Redis Redis in Docker Swarm: master fails to reconnect to replica after a while

I'm having difficulties getting redis to work in a Docker Swarm setup. At first it works, but after a while (probably after a service restart), I'm getting these errors:

03 Mar 2020 13:41:09.748 * Connecting to MASTER redis-master:6379
03 Mar 2020 13:41:09.749 * MASTER <-> REPLICA sync started
03 Mar 2020 13:41:09.749 # Error condition on socket for SYNC: Connection refused
03 Mar 2020 13:41:10.751 * Connecting to MASTER redis-master:6379
…

These go on forever.

I'm using a docker-compose stack. I have 1 master, and replicas on each of the 3 servers. The setup doesn't use sentinels. My thinking is that if the master fails, docker restarts the service and it reads the config back in via the shared volume that is used by masters and replicas. Relevant parts:

redis-master:
    image: "${CI_REGISTRY_IMAGE}:redis_master-${CI_COMMIT_REF_SLUG}"
    networks:
      - mynetwork
    volumes:
      - redis:/opt/scripts
    ports:
      - 6379:6379
    command: sh -c 'redis-server /usr/local/etc/redis/redis.conf --bind $$(hostname -i)'
    deploy:
      replicas: 1
      update_config:
        parallelism: 1
        delay: 10s
        order: stop-first
        failure_action: rollback
      rollback_config:
        parallelism: 1
        delay: 10s
        order: stop-first
      restart_policy:
        condition: on-failure
        delay: 10s
        max_attempts: 5
        window: 180s
    healthcheck:
      test: /usr/local/bin/healthcheck.sh
      interval: 30s
      timeout: 10s
      retries: 3
      start_period: 1m

  redis-replica:
    image: "${CI_REGISTRY_IMAGE}:redis_replica-${CI_COMMIT_REF_SLUG}"
    networks:
      - mynetwork
    volumes:
      - redis:/opt/scripts
    ports:
      - 6380:6380
    command: sh -c 'redis-server /usr/local/etc/redis/redis.conf --bind $$(hostname -i) --replica-announce-ip $$(hostname -i) --port 6380 --replicaof redis-master 6379'
    depends_on:
      - redis-master
    deploy:
      mode: global
      update_config:
        parallelism: 1
        delay: 10s
        order: stop-first
        failure_action: rollback
      rollback_config:
        parallelism: 1
        delay: 10s
        order: stop-first
      restart_policy:
        condition: on-failure
        delay: 10s
        max_attempts: 5
        window: 180s
    healthcheck:
      test: /usr/local/bin/healthcheck.sh
      interval: 30s
      timeout: 10s
      retries: 3
      start_period: 1m

I have tested this setup and it seems to work. I've also tested rebooting each of the 3 servers, and after a while Redis connects to all of the instances fine, so they seem to find each other.

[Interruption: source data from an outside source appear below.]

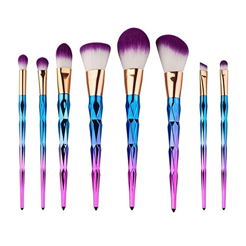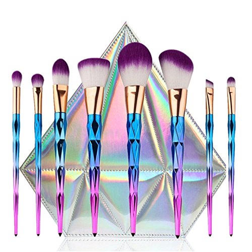 - COLORFUL UNICORN DIAMOND DESIGN: BESTOPE new 8Pcs makeup brushes designed with rainbow color and fashion style, Shine bright like a diamond,will give you new wonderful makeup experience.
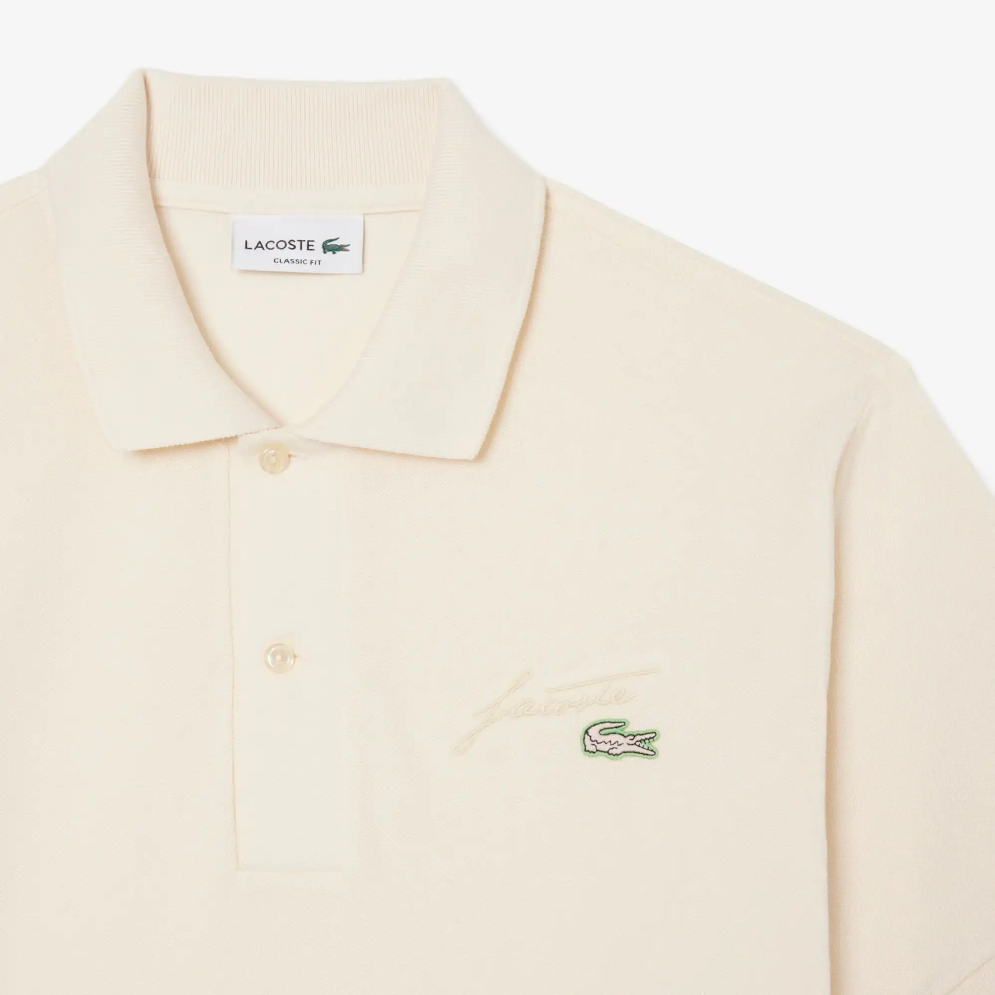 Áo polo Lacoste, form CLASSIC FIT, thiết kế logo cá sấu viền nổi kèm chữ ký Lacoste thêu. Chất liệu 100% Cotton
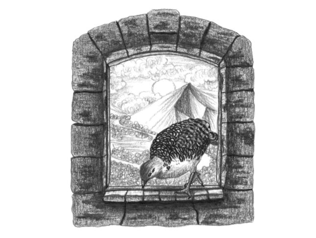 Kara, her gün bir umutla küçücük pencereye yaklaşıyor, hiçbir zaman göremediği o dağın zirvesini görmeyi umut ediyordu. Ama önceki günlerde olduğu gibi görüp görebildiği, zikzaklar çizerek uzayan bir yol ve onun iki tarafındaki meyve ağaçlarıyla nöbet tutan beş altı insandı.
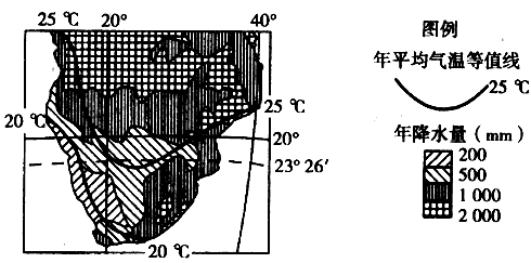 4、综合题 读世界某一区域年降水量和年平均气温等值线图,回答下列问题。
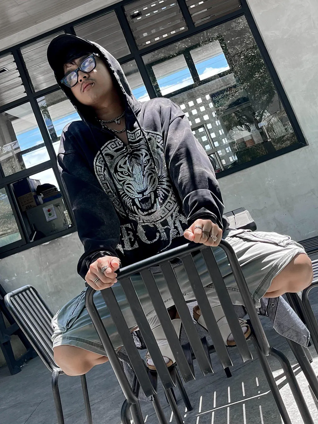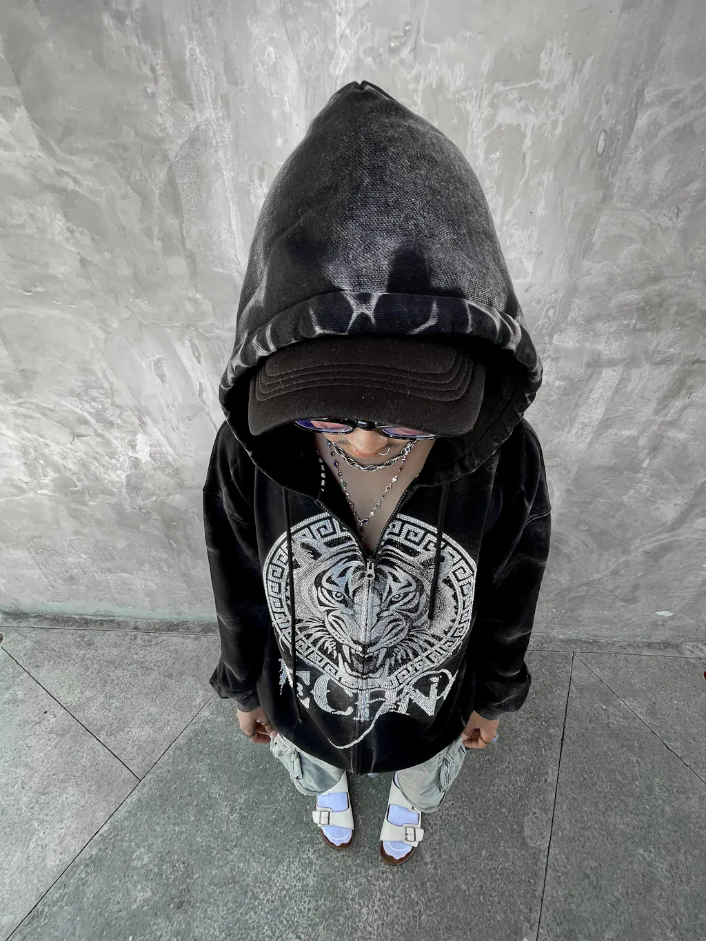 TCH Distressed Tiger Rhinestone Hoodie Jacket
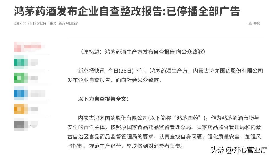 鸿茅药酒发布企业自查整改报告:已停播全部广告 新京报 2018-04-26
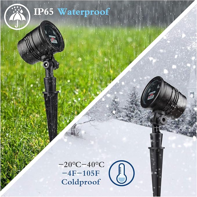 - Laser: Built in professional laser tube, which is much more steady and brighter than traditional outdoor laser lights. Long-distance projection is still stable and clear. 300°adjustable projector head, 120° projection angle, Can project an area of 4000sf from a distance of 35 feet.
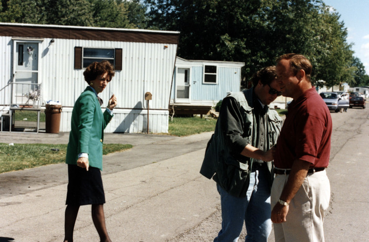 - en-CA Crew members filming Roger and Deanne Woodward at the Lynch Park-on-the-River for the documentary "Miracle @ Niagara - the Roger and Deanne Woodward Story." This is the trailer camp at which James Honeycutt lived and from which they started their journey.
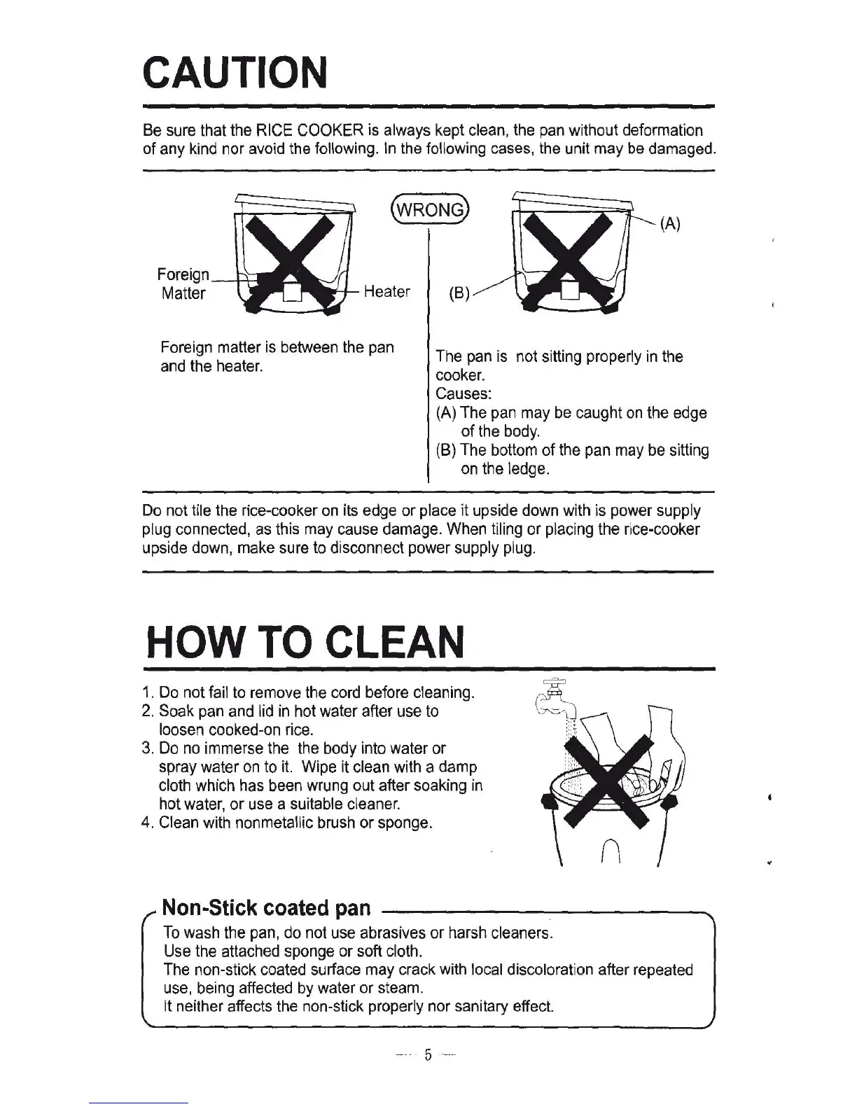 Pars DRC230 - Cautions and Cleaning; Appliance Damage Prevention; Cleaning the Rice Cooker
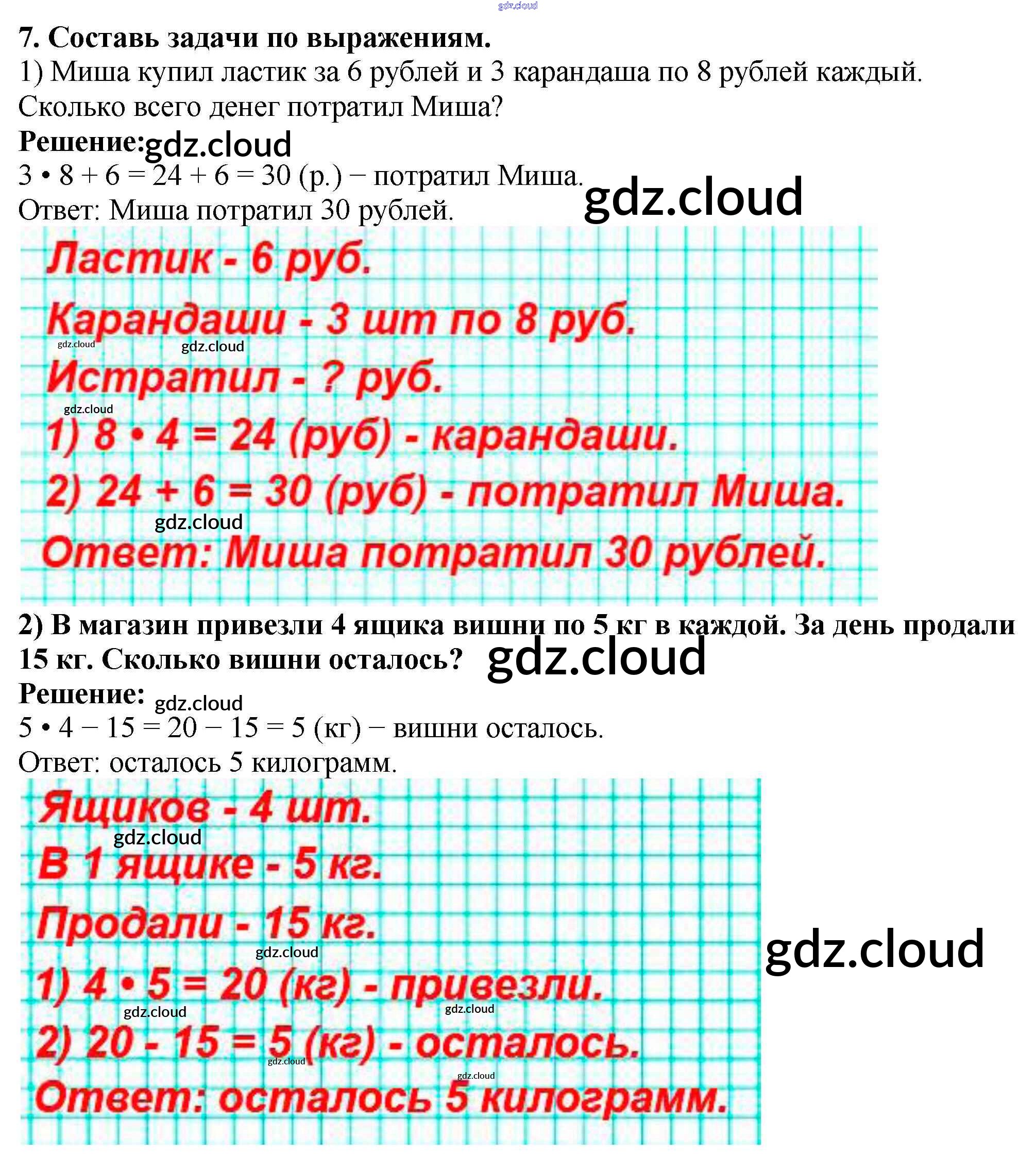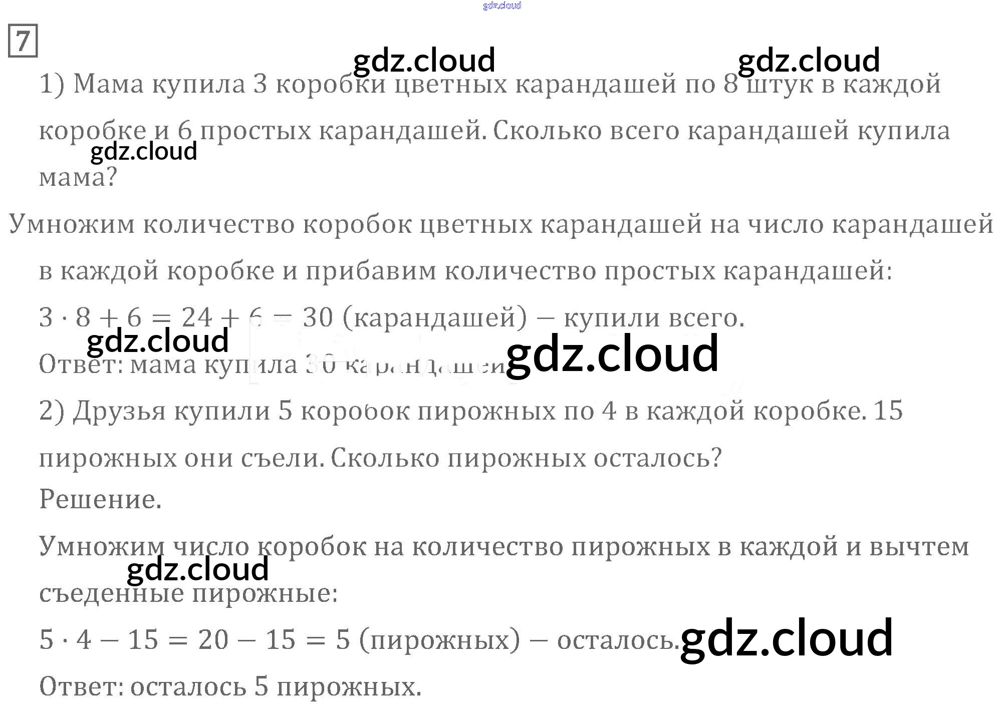 Ответ на задание 7 Учебник Математика за 3 (третий) класс Моро, Бантова, Бельтюкова, Волкова, Степанова Школа России 2015 Часть 1, 2

But, after a while this breaks. I don't know exactly when, by the time I notice it, my log is full of reconnecting messages.

If I bind to 0.0.0.0, everything seems to go well (at least for longer periods of time), but this puts my database wide open, so that's not feasible. I have a feeling the problem has something to do with the binding, or a restart of the service gets a new IP or something, I don't know.

Any help much appreciated!

Comment From: Monokai

Update. I now did change the bind to 0.0.0.0, and used expose: 6379 instead of ports: "6379:6379" to expose the port to other services in the overlay network without mapping the port of the container to the host.

Again, everything looks OK and after a while I'm now getting:

Mar 2020 10:52:21.924 # Unable to connect to MASTER: Resource temporarily unavailable
Mar 2020 10:52:22.927 * Connecting to MASTER redis-master:6379
Mar 2020 10:52:22.928 # Unable to connect to MASTER: Resource temporarily unavailable
Mar 2020 10:52:23.931 * Connecting to MASTER redis-master:6379
…

It repeats every second

Comment From: Monokai

Update. This might have been an out-of-memory error. I've upgraded the server to include more memory and I haven't got any issues since two weeks.

I would like to hear if this Docker Swarm setup is the right way to go or if I need to put Redis in cluster mode or something. It's all a bit vague to me how a Redis master / replica setup ideally should be used in a Docker Swarm setup. I only use Redis for caching purposes and it doesn't matter all that much if some data is lost due to restarting a Redis instance.